**TASK DIRECTIONS**.
Note on the material below: return exactly the lines from the line that holds "ŁAZIENKA Z WC" through the line that holds "1 | Selectaţi", and leave out each picture.

────────

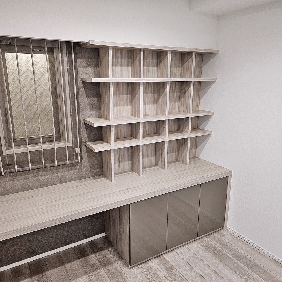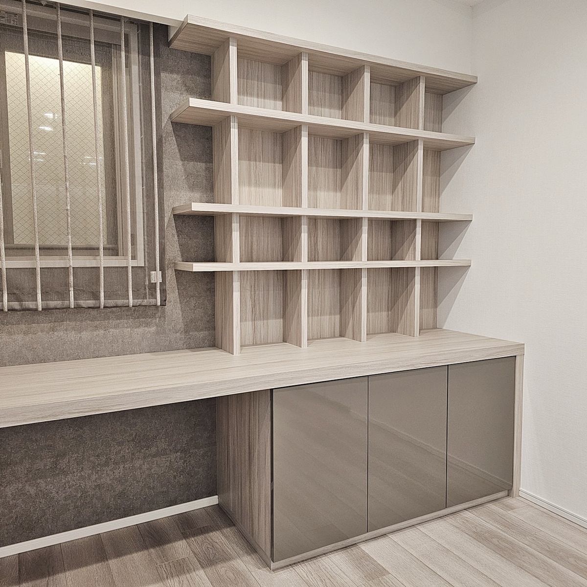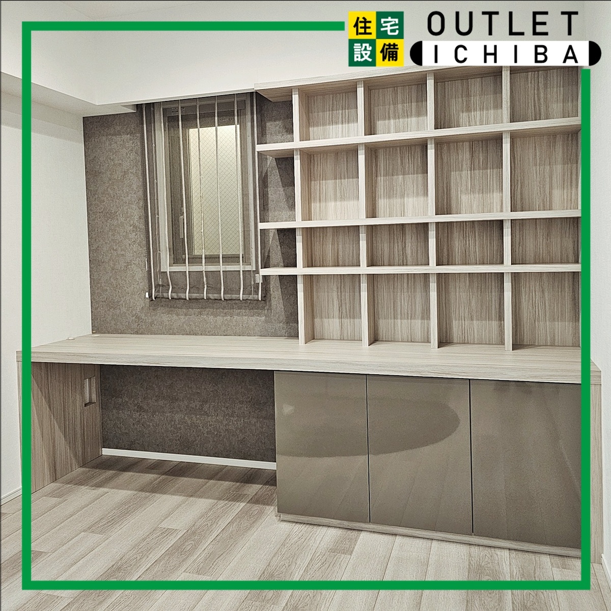 JTK17 モデルルーム展示品 造作リビングボード サイドボード 簡易デスク 戸棚 ウォールシェルフ 壁面棚 格子型 ナチュラル
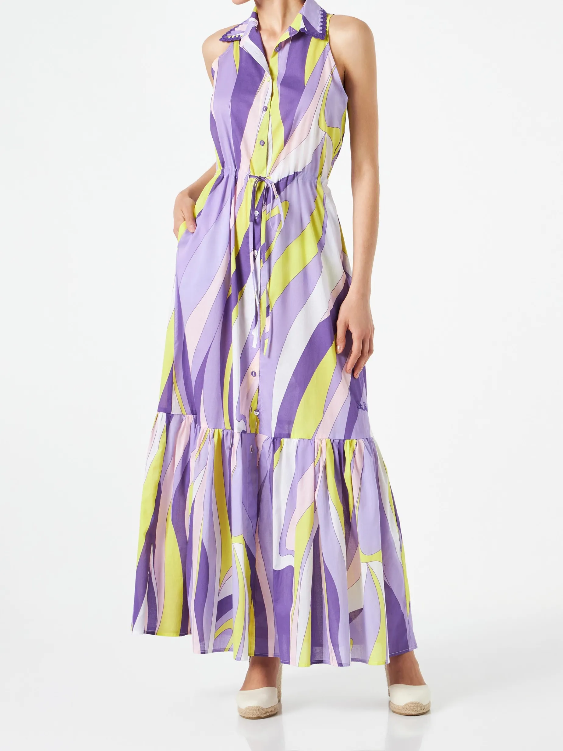 Abito da donna allacciato al collo con stampa onde
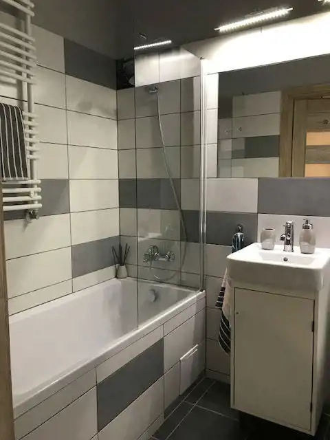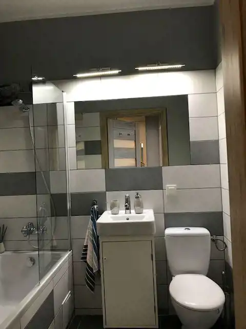 ŁAZIENKA Z WC - pralka, wanna z funkcją natrysku, zabudowa boczna przeszklona, szafka pod zlewem, lustro z oświetleniem, glazura i terakota.
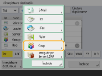 1 | Selectaţi destinaţiile pe care doriţi să le înregistraţi într-un grup şi apăsaţi <OK>. ![]() Listă derulantă Tip documentSelectaţi (e-mail), (fax), (I-fax) sau (fişier) pentru a filtra destinaţiile afişate în lista de adrese ( ). Apăsaţi <Tot> pentru a afişa toate destinaţiile înregistrate. <Detalii>Selectaţi o destinaţie şi apăsaţi <Detalii> dacă doriţi să verificaţi setările destinaţiei. Apăsaţi <OK> pentru a reveni la ecranul anterior. Listă de destinaţiiSe afişează destinaţiile înregistrate în lista de adrese pe care aţi selectat-o la pasul 6. Din această listă, selectaţi destinaţiile pe care doriţi să le înregistraţi într-un grup. ![]() Atunci când destinaţiile sunt gestionate prin numere de acces, acestea nu se afişează în listă decât dacă introduceţi numărul de acces (Restricţionarea accesului la destinaţiile înregistrate în Agendă) după ce aţi apăsat <Nr. de acces>. Butonul primei litereSelectaţi butonul alfanumeric pentru primul caracter al numelui destinaţiei. Apăsaţi <Tot> pentru a afişa toate destinaţiile înregistrate. <Căutare după nume>Introduceţi numele destinaţiei. Apăsaţi din nou <Căutare după nume> pentru a reveni la ecranul anterior. |
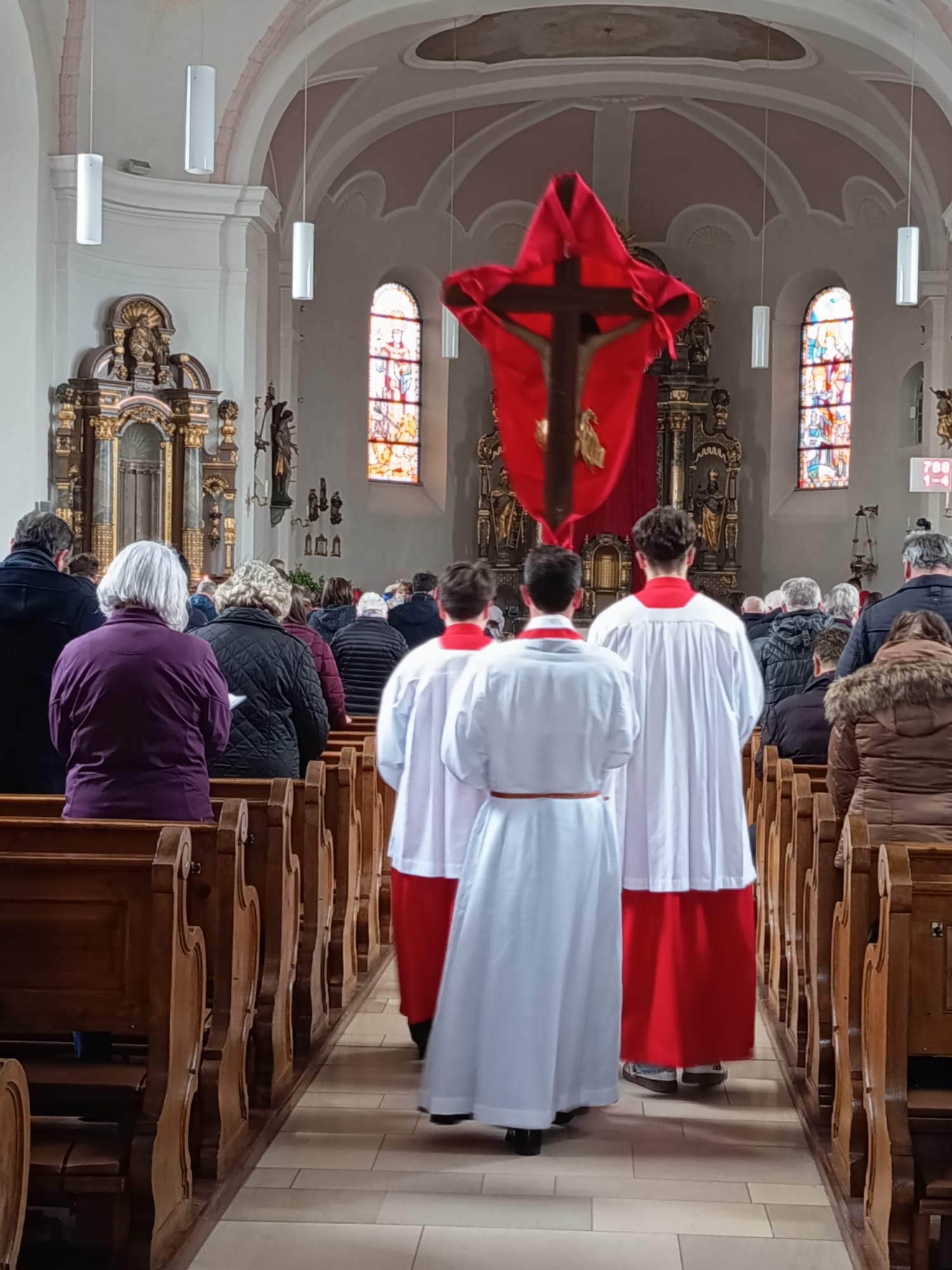 Draußen vor der Kirche standen die Ministranten mit ihren Ratschen und begrüßten lautstark die Gläubigen, die zur Mitfeier der Karfreitagsliturgie eintrafen. In völliger Stille – die Altäre waren weiterhin entblößt, der Hochaltar in Rot verhüllt – zogen die Ministranten gemeinsam mit Pfarrer Thomas Kohlhepp in die Pfarrkirche ein. Die Karfreitagsliturgie begann mit der Prostratio des liturgischen Dienstes: Pfarrer Thomas Kohlhepp und die Ministranten legten sich ausgestreckt vor dem Altarraum auf den Boden. Dieses Niederwerfen ist ein kraftvolles Symbol für Trauer, Demut und die zentrale Botschaft des christlichen Glaubens – das Opfer Jesu. Die Gemeinde kniete nieder. Nach den beiden Lesungen und dem Ruf „Christus Sieger, Christus König, Christus Herr in Ewigkeit“ hörten die Gläubigen die Passionsgeschichte. Im Anschluss wurden die sogenannten „Großen Fürbitten“ gebetet – insgesamt zehn. Als zentraler Bestandteil der Karfreitagsliturgie griffen sie die Themen Buße, Hoffnung und Fürsorge auf. Gebetet wurde unter anderem für die heilige Kirche, für den Papst und die Bischöfe, für die Gläubigen sowie für die Einheit der Christen. Dazwischen erklang der Ruf: „Beuget die Knie – erhebet euch.“ Es folgte die Kreuzerhöhung, begleitet vom dreimaligen Ruf „Seht das Holz des Kreuzes, an dem das Heil der Welt gehangen“. Anschließend verehrten die Gläubigen das Kreuz mit einer Kniebeuge oder einer Verbeugung. Unter Gemeindegesang wurde der Altar für die Kommunionausteilung bereitet. Die konsekrierten Hostien vom Gründonnerstag wurden vom Herz-Jesu-Altar geholt, zum Altar gebracht und an die Gläubigen ausgeteilt. Im Anschluss hatten die Mitfeiernden die Möglichkeit, den Einzelsegen mit dem Kreuzreliquiar zu empfangen. In aller Stille verließen die Gläubigen die Kirche. (Text: Beate Suttner/Bild: Stefan Diesenbacher)
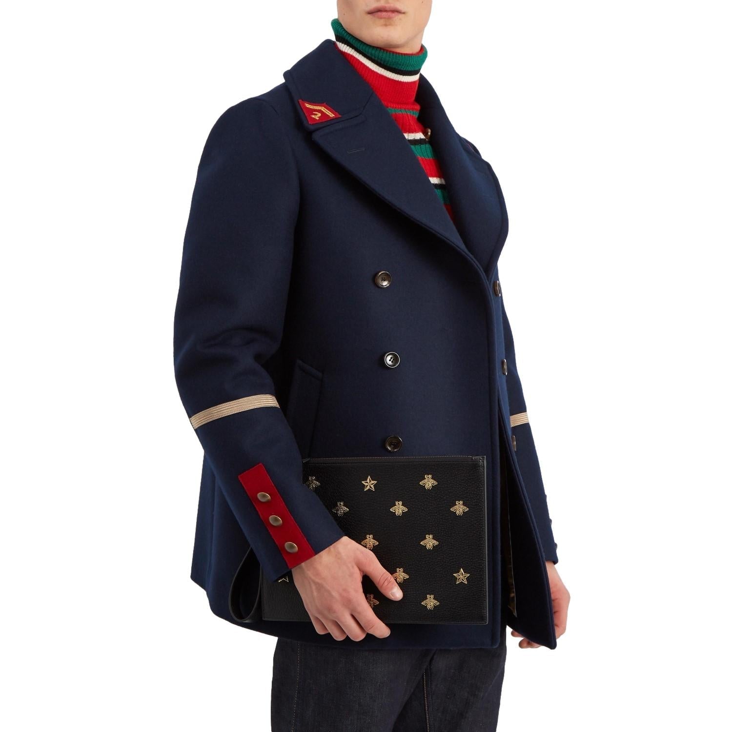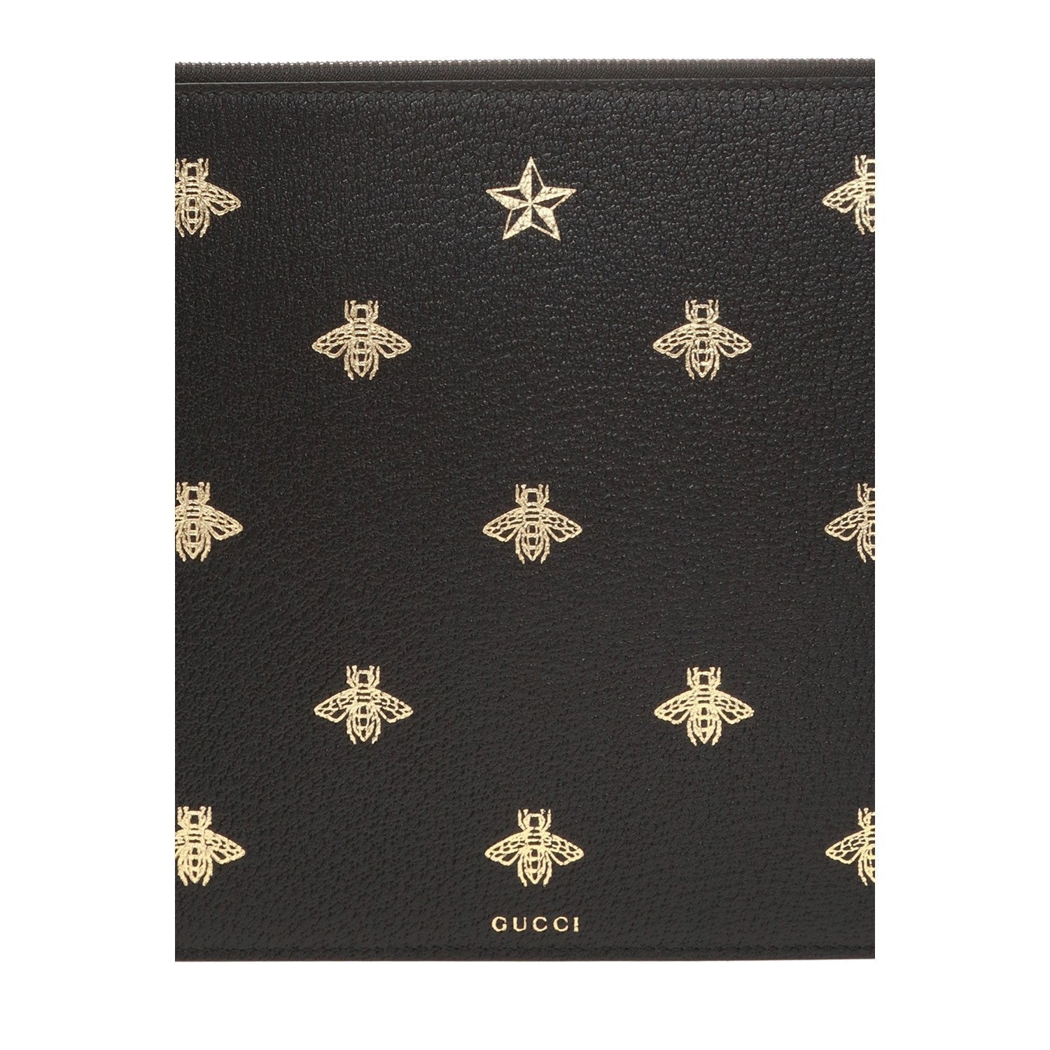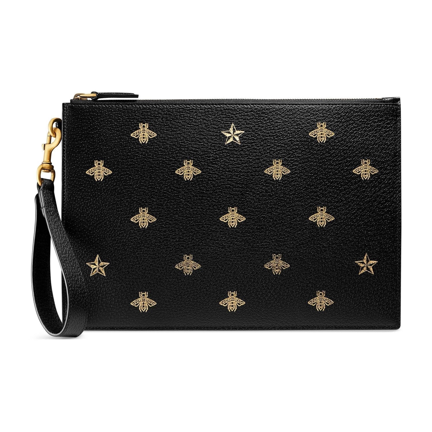 This show stopping Gucci clutch is the perfect accessory to complete any outfit. This wristlet is crafted of black leather with a gold bee and star motif. There is a detachable wristlet strap and a zipper across the top of the clutch. This wristlet pouch has plenty of room to fit everything you would need and is perfect for a night out!

────────

**RESPONSE BELOW**.
 ŁAZIENKA Z WC - pralka, wanna z funkcją natrysku, zabudowa boczna przeszklona, szafka pod zlewem, lustro z oświetleniem, glazura i terakota.
 1 | Selectaţi destinaţiile pe care doriţi să le înregistraţi într-un grup şi apăsaţi <OK>. ![]() Listă derulantă Tip documentSelectaţi (e-mail), (fax), (I-fax) sau (fişier) pentru a filtra destinaţiile afişate în lista de adrese ( ). Apăsaţi <Tot> pentru a afişa toate destinaţiile înregistrate. <Detalii>Selectaţi o destinaţie şi apăsaţi <Detalii> dacă doriţi să verificaţi setările destinaţiei. Apăsaţi <OK> pentru a reveni la ecranul anterior. Listă de destinaţiiSe afişează destinaţiile înregistrate în lista de adrese pe care aţi selectat-o la pasul 6. Din această listă, selectaţi destinaţiile pe care doriţi să le înregistraţi într-un grup. ![]() Atunci când destinaţiile sunt gestionate prin numere de acces, acestea nu se afişează în listă decât dacă introduceţi numărul de acces (Restricţionarea accesului la destinaţiile înregistrate în Agendă) după ce aţi apăsat <Nr. de acces>. Butonul primei litereSelectaţi butonul alfanumeric pentru primul caracter al numelui destinaţiei. Apăsaţi <Tot> pentru a afişa toate destinaţiile înregistrate. <Căutare după nume>Introduceţi numele destinaţiei. Apăsaţi din nou <Căutare după nume> pentru a reveni la ecranul anterior. |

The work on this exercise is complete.